_Task goal_
Output nothing but the lines from the beginning of the listing below through the line containing "현재 주가 변동성이 큰", exactly as they stand, without pictures.

_Supplied material_
────────────────────

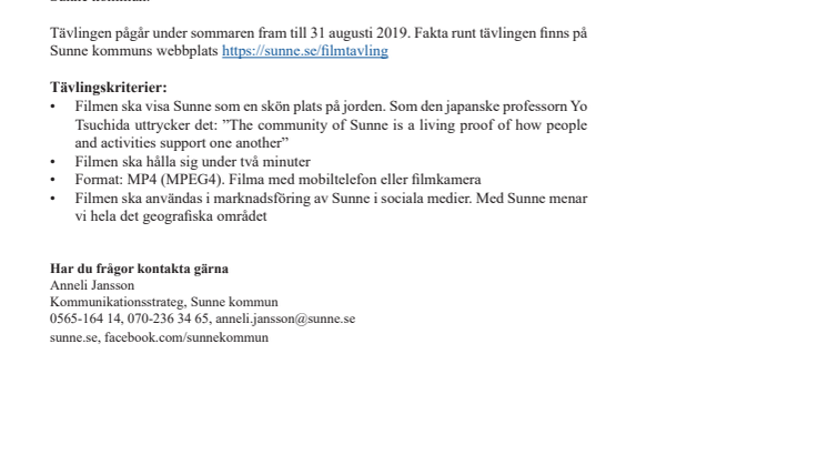 Tävlingen pågår under sommaren fram till 31 augusti 2019. Fakta runt tävlingen finns på Sunne kommuns webbplats Fakta om filmtävlingen
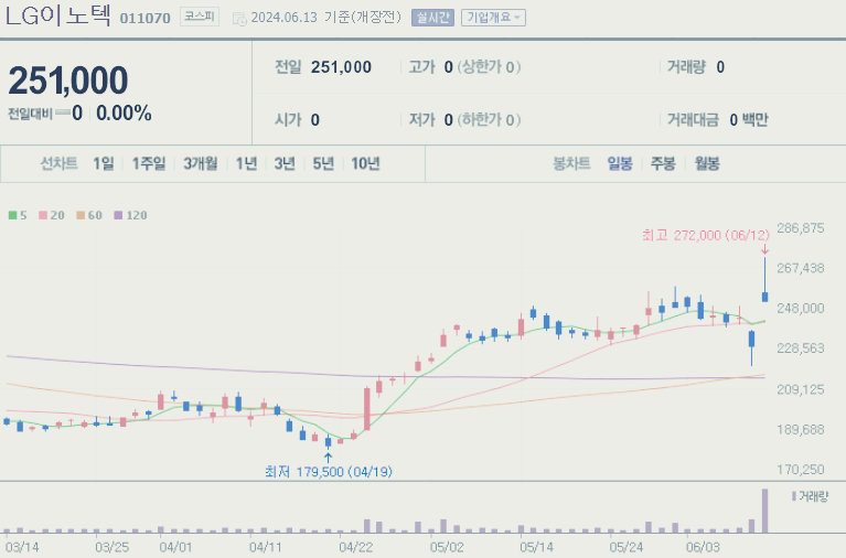 현재 주가 변동성이 큰 LG이노텍 주가는 251000원 입니다. 지금 이 글을 읽고 있는 순간 LG이노텍 주가 추세를 확인해보세요.
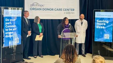 RUSH and Gift of Hope Organ & Tissue Donor Network announced they will establish Illinois’ first hospital-based donor care center — a world-class intensive care and surgical unit for deceased organ donors, staffed with leading clinicians and allied multidisciplinary services to optimize the impact of every organ donation and save more lives.

────────────────────

_Response below_
 Tävlingen pågår under sommaren fram till 31 augusti 2019. Fakta runt tävlingen finns på Sunne kommuns webbplats Fakta om filmtävlingen
 현재 주가 변동성이 큰 LG이노텍 주가는 251000원 입니다. 지금 이 글을 읽고 있는 순간 LG이노텍 주가 추세를 확인해보세요.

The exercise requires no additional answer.